(DATA SECTION begins)

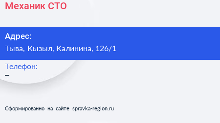 Механик, СТО по адресу Тыва, Кызыл, Калинина, 126/1 в дальнейшем Организация, размещена в следующих категориях:
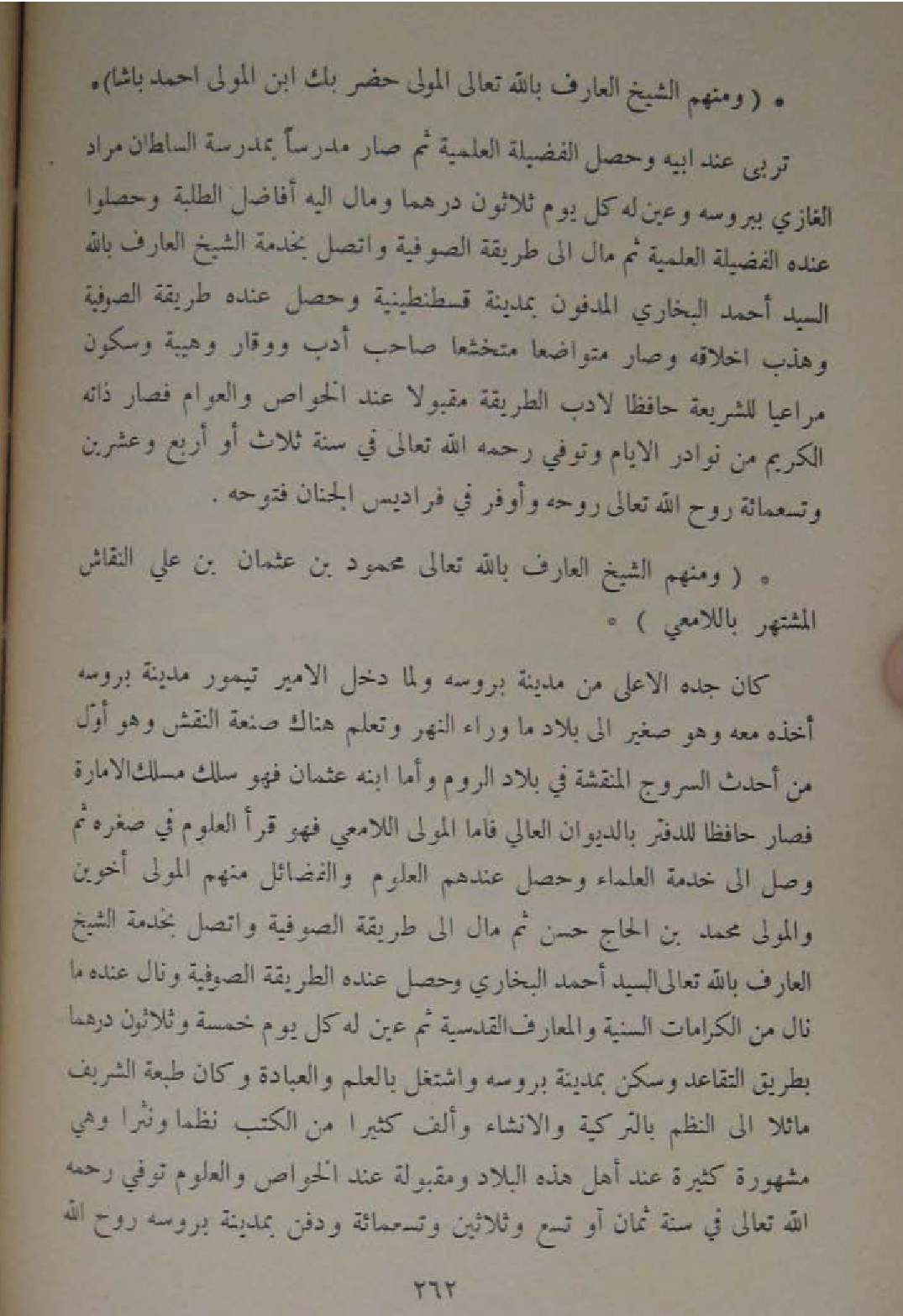 تربى عندا بيه وَحصل الْفَضِيلَة العلمية ثمَّ صَار مدرسا بمدرسة السُّلْطَان مُرَاد الْغَازِي ببروسه وَعين لَهُ كل يَوْم ثَلَاثُونَ درهما وَمَال اليه أفاضل الطّلبَة وحصلوا عِنْده الْفَضِيلَة العلمية ثمَّ مَال الى طَريقَة الصُّوفِيَّة واتصل بِخِدْمَة الشَّيْخ الْعَارِف بِاللَّه السَّيِّد احْمَد البُخَارِيّ المدفون بِمَدِينَة قسطنطينية وَحصل عِنْده طَريقَة الصُّوفِيَّة وهذب اخلاقه وَصَارَ متواضعا متخشعا صَاحب ادب ووقار وهيبة وَسُكُون مراعيا للشريعة حَافِظًا لادب الطَّرِيقَة مَقْبُولًا عندالخواص والعوام فَصَارَ ذَاته الْكَرِيم من نَوَادِر الايام وَتُوفِّي رَحمَه الله تَعَالَى فِي سنة ثَلَاث اَوْ أَربع وَعشْرين وَتِسْعمِائَة روح الله تَعَالَى روحه وأوفر فِي فراديس الْجنان فتوحه
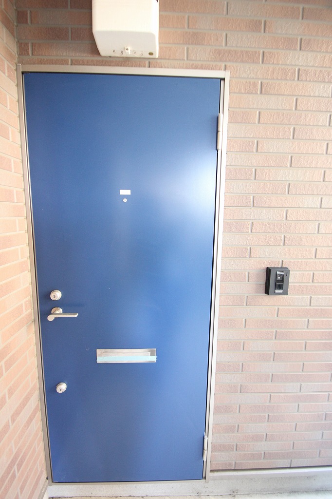 青い玄関ってなかなか見ないのでちょっと変わってて面白いですね
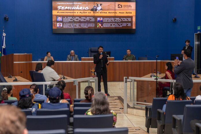 Por propositura do vereador Marco Silva, a Câmara sediou o Seminário Municipal de Bem-Estar Animal, com o tema “Planejamento e ações do bem-estar animal para 2026, na noite desta terça-feira, 09 de dezembro. Ao final, foram anunciados recursos e ações para o próximo ano.

(DATA SECTION ends)

> INSTRUCTIONS TO FOLLOW
Write out all of the data above exactly, without any of its pictures.

> TASK RESPONSE
 Механик, СТО по адресу Тыва, Кызыл, Калинина, 126/1 в дальнейшем Организация, размещена в следующих категориях:
 تربى عندا بيه وَحصل الْفَضِيلَة العلمية ثمَّ صَار مدرسا بمدرسة السُّلْطَان مُرَاد الْغَازِي ببروسه وَعين لَهُ كل يَوْم ثَلَاثُونَ درهما وَمَال اليه أفاضل الطّلبَة وحصلوا عِنْده الْفَضِيلَة العلمية ثمَّ مَال الى طَريقَة الصُّوفِيَّة واتصل بِخِدْمَة الشَّيْخ الْعَارِف بِاللَّه السَّيِّد احْمَد البُخَارِيّ المدفون بِمَدِينَة قسطنطينية وَحصل عِنْده طَريقَة الصُّوفِيَّة وهذب اخلاقه وَصَارَ متواضعا متخشعا صَاحب ادب ووقار وهيبة وَسُكُون مراعيا للشريعة حَافِظًا لادب الطَّرِيقَة مَقْبُولًا عندالخواص والعوام فَصَارَ ذَاته الْكَرِيم من نَوَادِر الايام وَتُوفِّي رَحمَه الله تَعَالَى فِي سنة ثَلَاث اَوْ أَربع وَعشْرين وَتِسْعمِائَة روح الله تَعَالَى روحه وأوفر فِي فراديس الْجنان فتوحه
 青い玄関ってなかなか見ないのでちょっと変わってて面白いですね
 Por propositura do vereador Marco Silva, a Câmara sediou o Seminário Municipal de Bem-Estar Animal, com o tema “Planejamento e ações do bem-estar animal para 2026, na noite desta terça-feira, 09 de dezembro. Ao final, foram anunciados recursos e ações para o próximo ano.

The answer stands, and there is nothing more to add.